Sales of the impotence drug Viagra fell to $141 million in the quarter from $409 million in the second quarter. Viagra, according to one biotech hedge fund manager who has no position in the stock, is not going to be the driver anymore. This is a fundamental change from just six months ago.

Moreover, Flynn says that the sales growth was higher than the prescription growth, which "indicates that many products may have been oversold to wholesalers during the quarter."

Pfizer's reduced its earnings guidance for the year. It now expects to earn $1.95 to $2 a share for 1998. The First Call consensus for 1999 is $2.60. Flynn and Merrill Lynch expect the company to earn $2.50 a share. Flynn cut his five-year growth rate to 18% from 20%. Still gonna pay 46 times 1998 earnings? Apparently the market is -- for now.

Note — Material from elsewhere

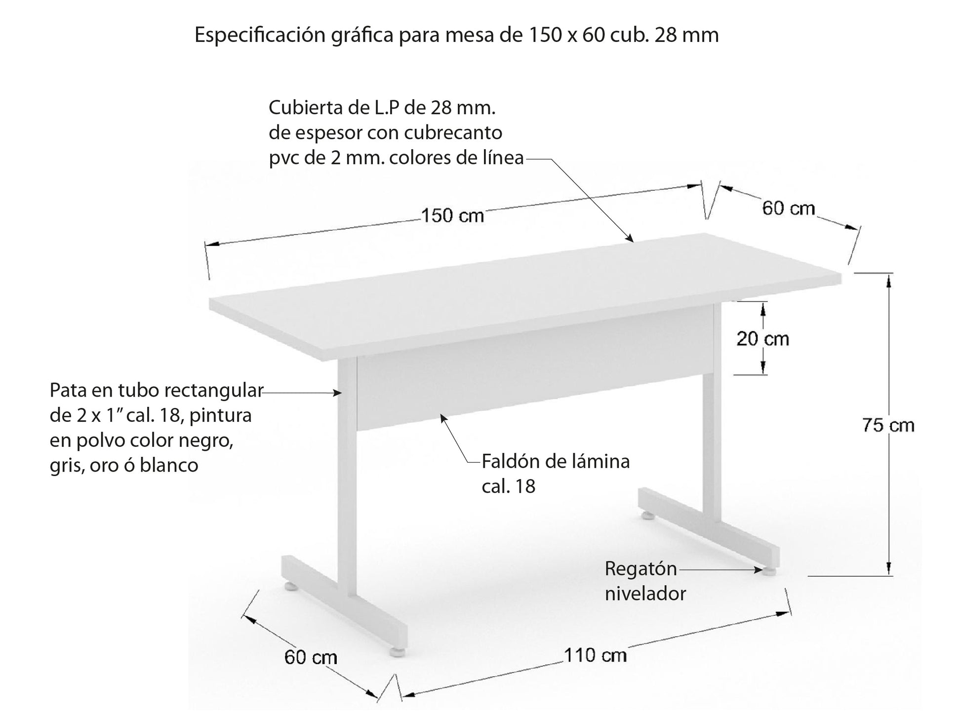 Cubierta para mesa de Restaurante fabricada en Laminado plástico de 19mm ó 28mm, cubrecanto pvc de 150cm X 60cm

The stock rose 8 1/2 to close at 96 on heavy volume, though it rose only 1/4 above its New York close yesterday. The stock closed at 95 3/4 yesterday before Pfizer reported weak earnings and aftermarket selling dropped the shares to 87 1/2.

One money manager who is long the stock emails that, "Fourth quarter should be big due to Viagra Europe launches, big [cholesterol-lowering drug] Lipitor numbers, sequentially flattish SG&A since the new sales force is pretty much in place. Plus, company is buying back stock like crazy, I would think."

A West Coast short-seller rebuts, "Of the $141 million in Q3 [Viagra] sales, PFE management disclosed that $26 million to Europe. That means domestic down to $115 million. If first quarter domestic was $300 million and second quarter was $115 million, doesn't this signal a downward spiral that is going to see fourth quarter under third quarter (given the continued drop in Rx)? Even if it stabilizes at current levels, the $3 billion to $4 billion numbers for Viagra have to be cut drastically because there is nothing to drive further usage domestically and internationally currency devaluation/current product availability will put a lid on sales. I'd be willing to bet the Viagra sales in Q4 come in under $200 million.

"By the way, I don't buy the story of that the cost of the Celebra sales force was totally built into Q3. Expect further SG&A costs in Q4."